Vox sale en la foto, Feijóo no
El líder del PP se pone de perfil ante la decisión trascendental de abrir a la ultraderecha la puerta a los gobiernos
La frase es de Frank Underwood, el maquiavélico protagonista del drama político de ficción House of Cards: “El poder se parece mucho al mercado inmobiliario. La clave es ubicación, ubicación, ubicación. Cuanto más cerca estás de la fuente de poder, más alto es el valor de tu propiedad”. La pronuncia el personaje mientras saluda a la cámara desde la primera fila de la toma de posesión del nuevo presidente, una ubicación que le permite salir en televisión en segundo plano durante el acto y, por tanto, aumentar su valor político. Ese mismo espacio de poder en la foto, pero en el escenario real de la toma de posesión del nuevo presidente de la Junta de Castilla y León, del PP, lo ocupaba el martes Santiago Abascal, líder de Vox, la primera formación abiertamente ultraderechista con representación parlamentaria en la democracia española desde la coalición en que estuvieron integradas Falange y Fuerza Nueva en 1979.
El líder del PP, Alberto Núñez Feijóo, excusó con una reunión perfectamente aplazable su asistencia y evitó así ser fotografiado con Abascal, pero no logró ocultar que comienza una nueva etapa en la derecha española ante la composición del cuadro en Valladolid: un presidente del PP, Alfonso Fernández Mañueco, jurando el cargo bajo la mirada del líder de Vox, de la presidenta de la Comunidad de Madrid, Isabel Díaz Ayuso, quien ha expresado sin reparos su disposición a colaborar con la ultraderecha, y de Mariano Rajoy, expresidente del PP que pareció ocupar el lugar del viejo PP en eterno viaje al centro. La ausencia del recién aclamado nuevo jefe de todos ellos era tan clamorosa como las presencias en ese acto. De alguna manera remite a la decisión que tomó en su día Pablo Casado de no volver a hablar de corrupción, como si lo que él no mencionaba no existiera. Feijóo parece pretender que si no está en la foto con Abascal el partido que preside no pacta con Vox.
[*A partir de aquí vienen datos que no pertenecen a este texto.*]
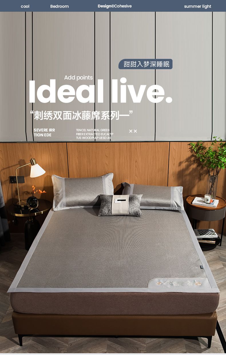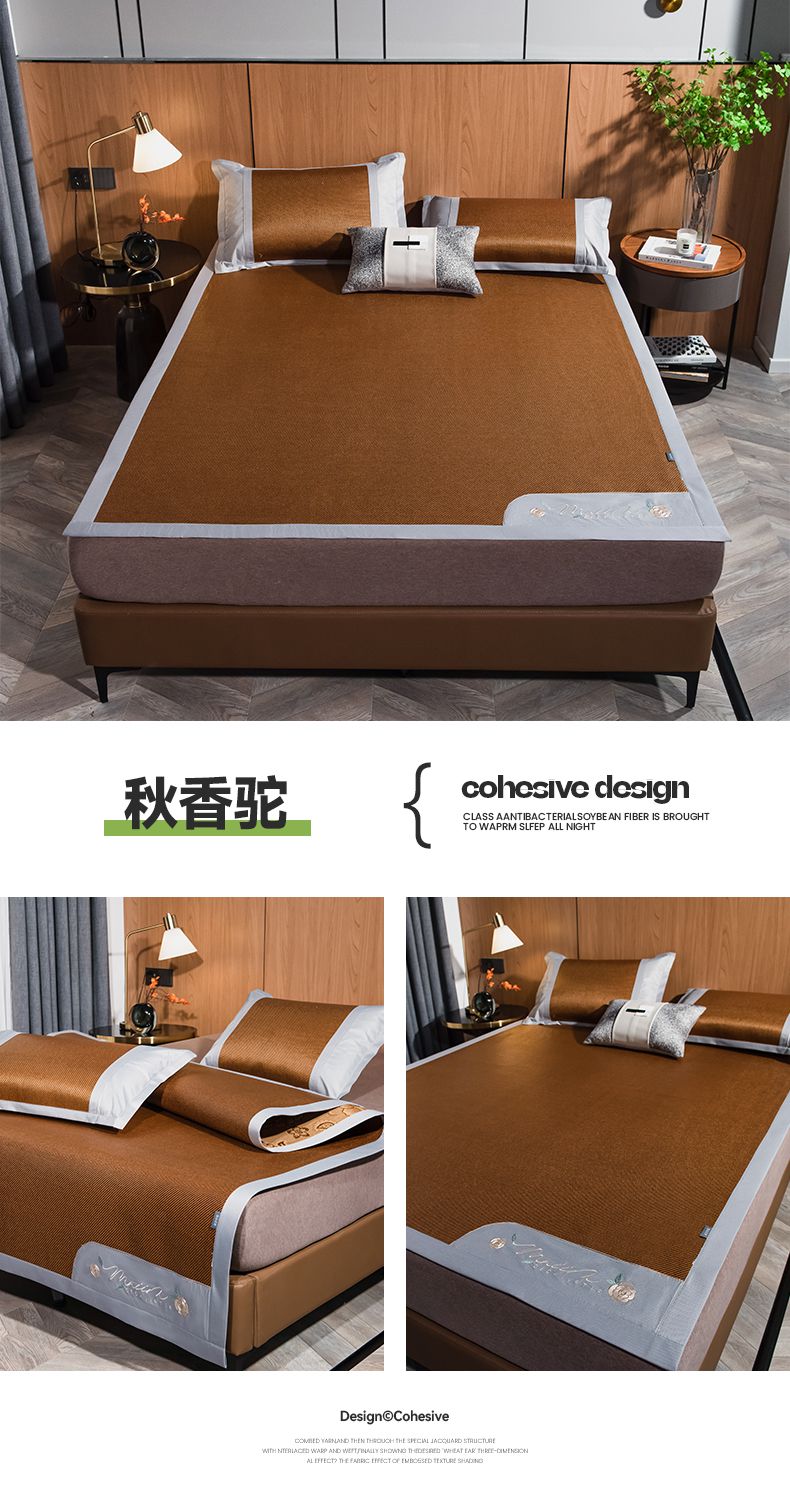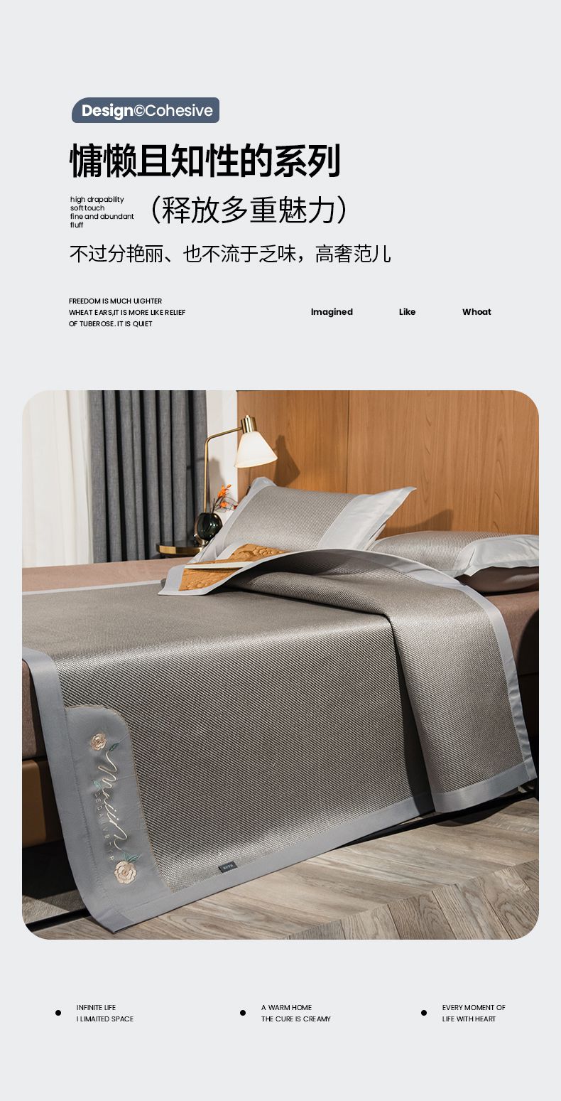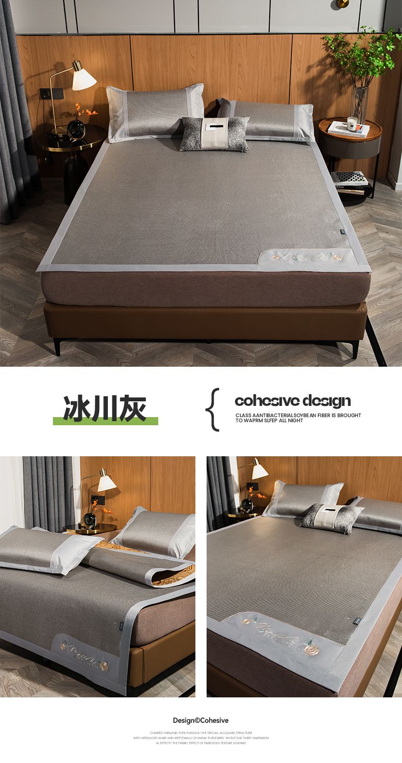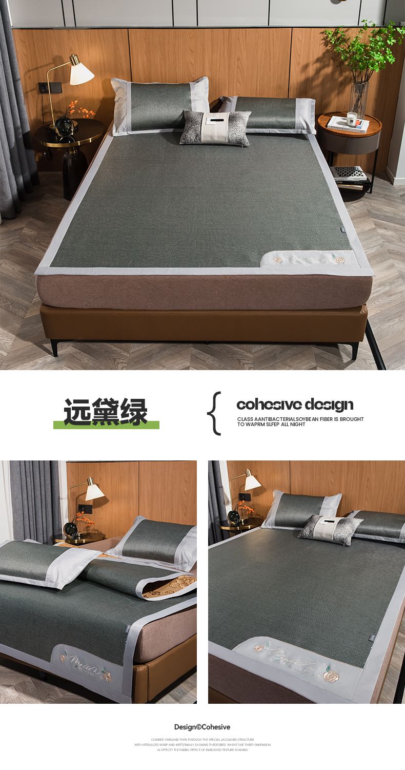 (总)摩妮卡 2025新款刺绣双面冰藤席床席款三件套

Hasta ahora, Vox ha sido juzgado por su capacidad de distorsionar el debate público y movilizar a un electorado con registros nacionalpopulistas indisimulados. Desde posiciones de ultraderecha, la formación ha forzado las costuras de la cultura política española heredada del bipartidismo, entre la denuncia trumpiana de lo políticamente correcto, la provocación, la brocha gorda y la mala educación. Ayer se abrió otra etapa. Vox tiene ahora responsabilidad de gobierno (la vicepresidencia y las consejerías de Empleo, Agricultura y Cultura). El PP, como facilitador de la coalición, se hace corresponsable de cómo se traduzca su retórica excluyente en el uso del poder ejecutivo para transformar las vidas de los ciudadanos de Castilla y León. La comunidad es desde ahora un laboratorio donde los españoles van a observar la conducta de Vox en contacto con el poder, pero también el comportamiento del PP cuando sus socios desafían su aspiración de apelar a un centroderecha de amplio espectro. Los primeros indicios son desmoralizantes. Ahí están las concesiones programáticas y de discurso hechas por Mañueco en asuntos como la violencia machista o la memoria histórica. Ahí está el Gobierno con menos mujeres de todas las comunidades autónomas. Vox ha dejado claro que sus consejeros hablarán con voz propia, anunciando su intención de disolver la España de las autonomías cuyos empleos se disponen a disfrutar. Toda Europa mira con tensión a Francia donde Marine Le Pen, correligionaria de Abascal, disputa a Emmanuel Macron este domingo la presidencia de la República. Aquí, Feijóo, prefiere mirar para otro lado.